I’m pleased to introduce Merlot, who’s larger than life’s bright and colorful pieces always catch the eye of passerby's. Influenced by design, Merlot’s style appeases even the most critical opinion of graffiti.
What artist movement has been particularly influential in your development M: Graffiti itself has been an extremely impactful movement. It wasn’t new when I started, it was already happening and there was amazing work being produced around the world which has inspired me to push my self and try new things. Outside of graffiti, there are so many movements that have not only been influential to the way I paint and come up with new ideas, but to the graffiti culture itself. For example; Cubism and Dada. In Cubism, objects are analyzed, broken up, and reassembled in abstract forms. You can say the same thing about the way new letter-forms come to shape. There’s so much movement and thought that goes into these abstract pieces of art, and no matter what style a graffiti artist paints in, weather it be bar forms or 3d shapes, you can always see its origins going back to the Cubism movement. The Dada movement was a way to have a voice in society through your artwork. Dada was known as “anti-art” and representing the opposite of everything which art stood for. Where art was concerned with tradition aesthetics, Dada ignored aesthetics and was intended to offend. Graffiti can be used to send a message and make an impact in society, although done differently than Dada, you can find many similarities in the rebellious nature of the art-forms.
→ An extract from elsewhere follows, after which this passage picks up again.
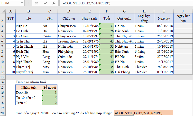 =COUNTIF(I3:i12,">="&DATE(2019,8,31)) > COUNTIF(I3:i12,">=43708") bản chất ngày tháng cũng là một ngày nên phải thêm dấu & để so sánh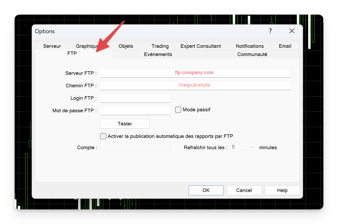 Veuillez utiliser les informations d'identification ci-dessous pour configurer vos options FTP MetaTrader 5 :

How/ Why did you start writing Graffiti? M: I grew up around graffiti, with friends painting graffiti, and have always enjoyed it. It was my create to create another world in which I could let lost in my artwork and take my mind off of reality.
There are a lot of kids that have aspirations of being artists, what advice would you have for them in pursuing this? M: Work hard, don’t be afraid to try new things, and don’t give up.